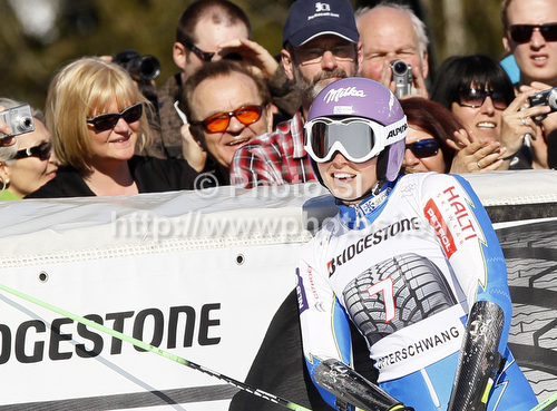 : Third placed Tina Maze of Slovenia reacts in finish of second run of women giant slalom race of Audi FIS Alpine skiing World cup in Ofterschwang, Germany. Women giant slalom race of Audi FIS Alpine skiing World cup was held in Ofterschwang, Germany, on Saturday, 3rd of March 2012.
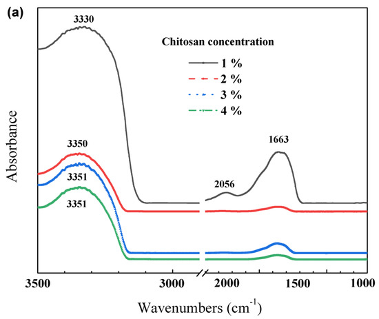 (a) FT-IR spectra for chitosan films and (b) ATR-FTIR spectra of the chitosan film with 2% chitosan concentration.
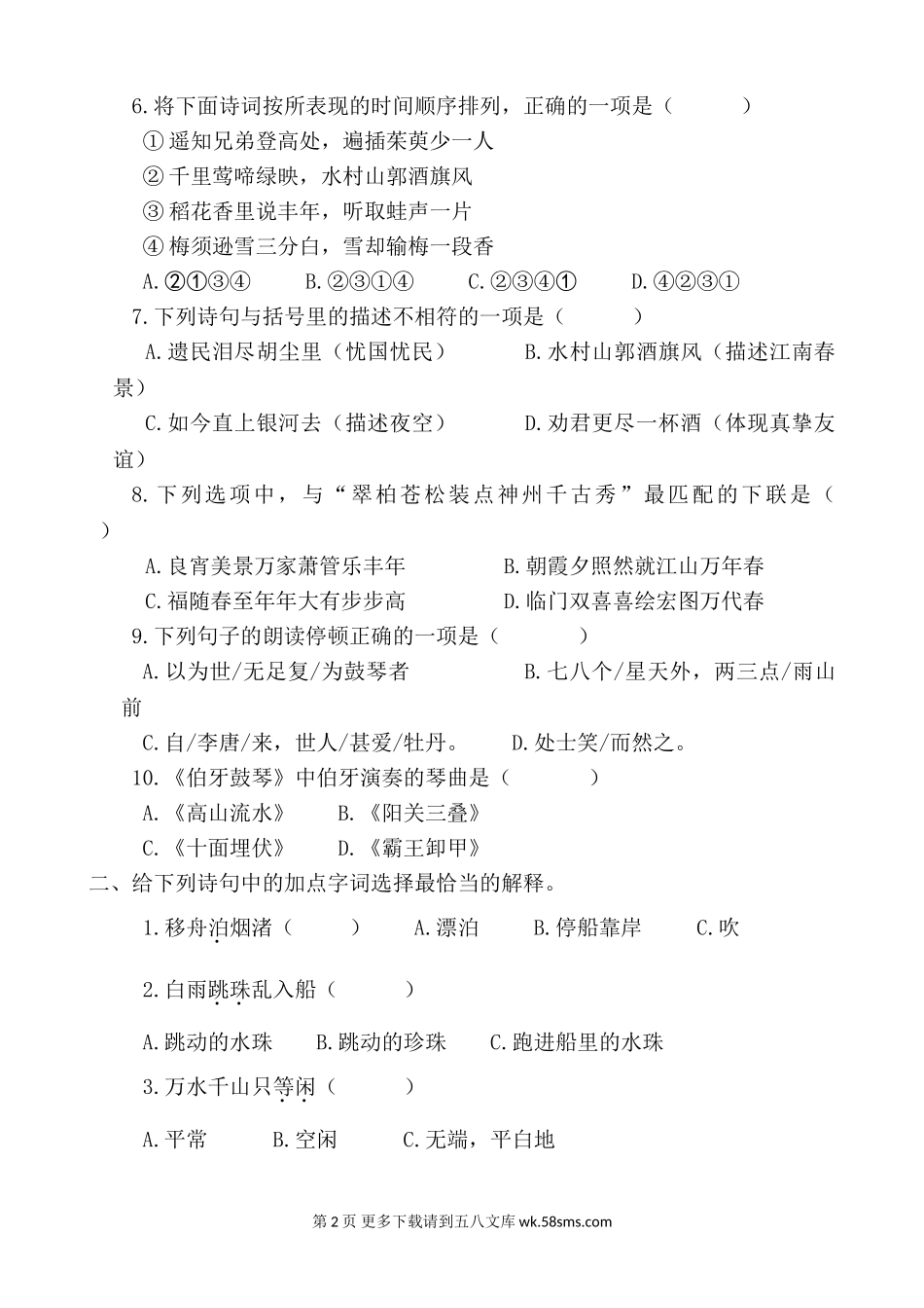 古诗专项一、我会选。1.下列加点字读音、含义完全相同的一项是()A.路转溪桥忽见风吹草地见牛羊B.还来就菊花明月何时照我还C.明月别枝惊鹊萋萋满别情D.日暮客愁新客舍青青柳色新2.下列各句中“若”字的意思与其...
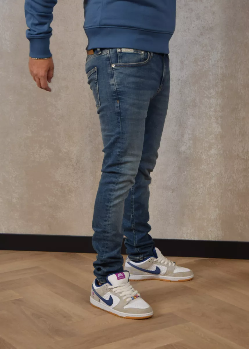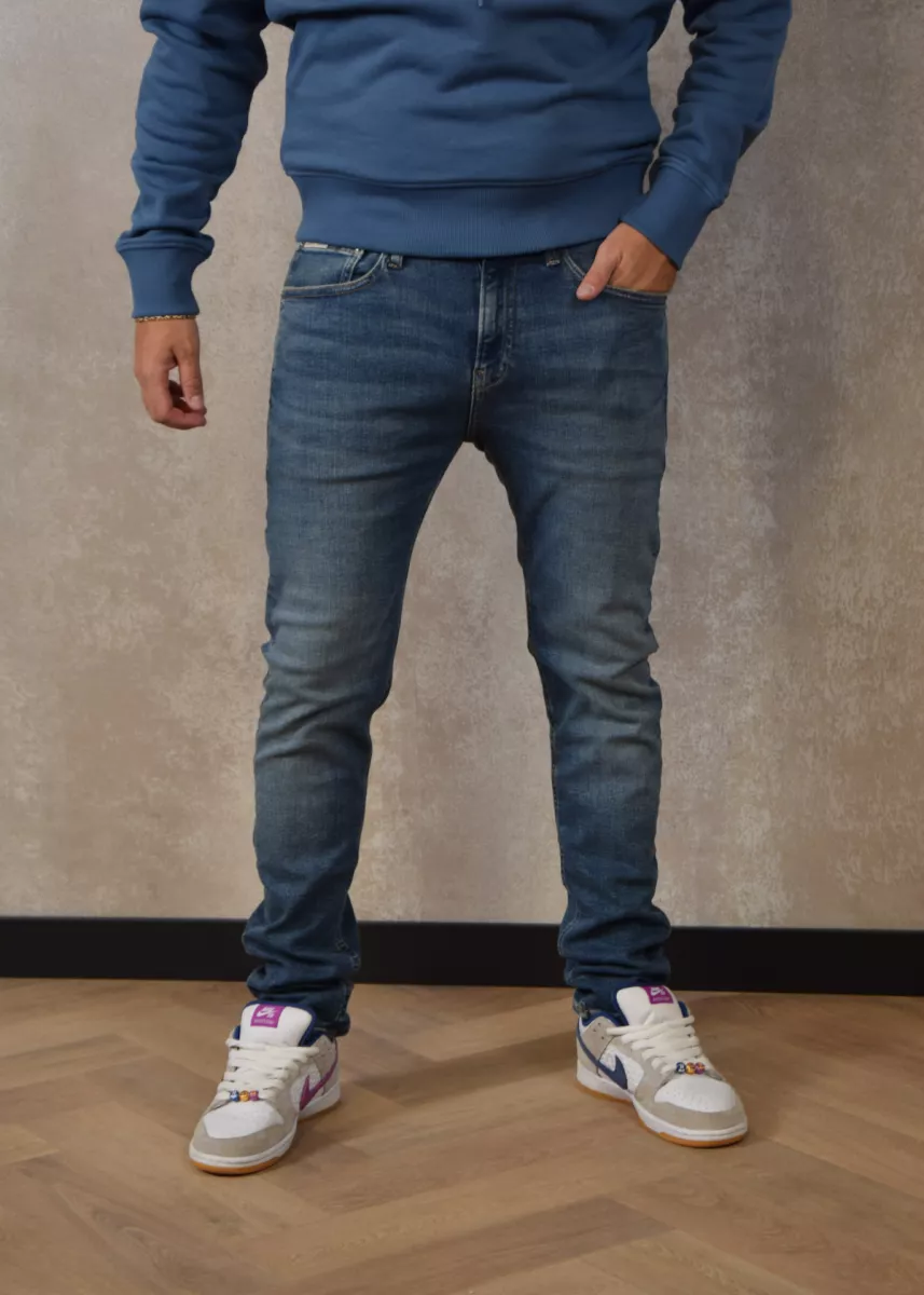 De Skinny Fit jeans van Calvin Klein Jeans is een mooie jeans die strak om de benen valt. De broek is een low raise jeans en heeft een faded look. De jeans heeft veel stretch en wordt gesloten met een knoop en rits.

**Prompt**
Repeat the material above verbatim, with no pictures in the output.

**Final answer**
 : Third placed Tina Maze of Slovenia reacts in finish of second run of women giant slalom race of Audi FIS Alpine skiing World cup in Ofterschwang, Germany. Women giant slalom race of Audi FIS Alpine skiing World cup was held in Ofterschwang, Germany, on Saturday, 3rd of March 2012.
 (a) FT-IR spectra for chitosan films and (b) ATR-FTIR spectra of the chitosan film with 2% chitosan concentration.
 古诗专项一、我会选。1.下列加点字读音、含义完全相同的一项是()A.路转溪桥忽见风吹草地见牛羊B.还来就菊花明月何时照我还C.明月别枝惊鹊萋萋满别情D.日暮客愁新客舍青青柳色新2.下列各句中“若”字的意思与其...
 De Skinny Fit jeans van Calvin Klein Jeans is een mooie jeans die strak om de benen valt. De broek is een low raise jeans en heeft een faded look. De jeans heeft veel stretch en wordt gesloten met een knoop en rits.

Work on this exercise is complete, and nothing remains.